Trained as a schoolteacher, she was elected as a member of parliament for the Rassemblement des Républicains (RDR) and has held several ministerial portfolios since 2011. On April 6, 2021, she was appointed Minister of the Civil Service and Modernization of the Administration, and was reappointed to Prime Minister Robert Beugré Mambé's government on October 17, 2023.

== Biography ==
Anne Ouloto hails from the Cavally region of the Toulepleu department.

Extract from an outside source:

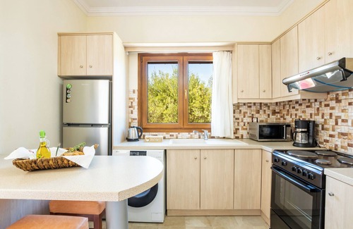Each studio is fully-furnished with all the living amenities a family may need including a family size washing machine and full sized kitchen stove and micro-wave oven. Olive Studios is surrouned by olive trees, rolling hills, and mother nature at your window and doorstep. The estate is a ten minute walk from the longest and quietest beach on Karpathos Island. We are also a ten minute walk from some of the best hiking trails to mountain terrain on the island. Supermarkets, convenient stores and restaurants are a 10-20 minute walking distance away. Driving to beach is in less than 4 minutes.
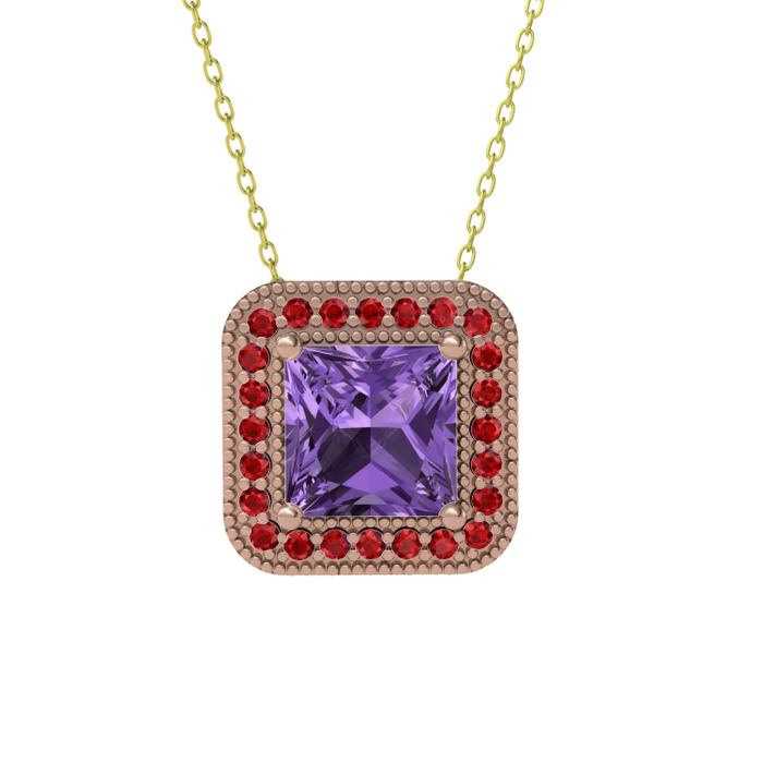 Ametist ve garnet 8 ayar rose altın kolye (40 cm altın rolo zincir)

With a literary baccalaureate, she abandoned the law courses she had started at Félix-Houphouët-Boigny University during the student crisis of 1990, and became a primary school teacher. In 2000, she obtained a position as legal assistant at the Autorité nationale de régulation du secteur de l'électricité (ANARE), where she remained until 2005. In 2006, as a political activist, she became a research officer and then chief of staff at the Ministry of Higher Education. During the Ivorian crisis of 2010-2011, she was spokesperson for candidate Alassane Ouattara. She then became a Member of Parliament and Minister.

In June 2011, Anne Désirée Ouloto was appointed by President Alassane Ouattara as Minister of Urban Hygiene. She held this post until November 2012, before being put in charge of the Ministry of Solidarity, Family, Women and Children.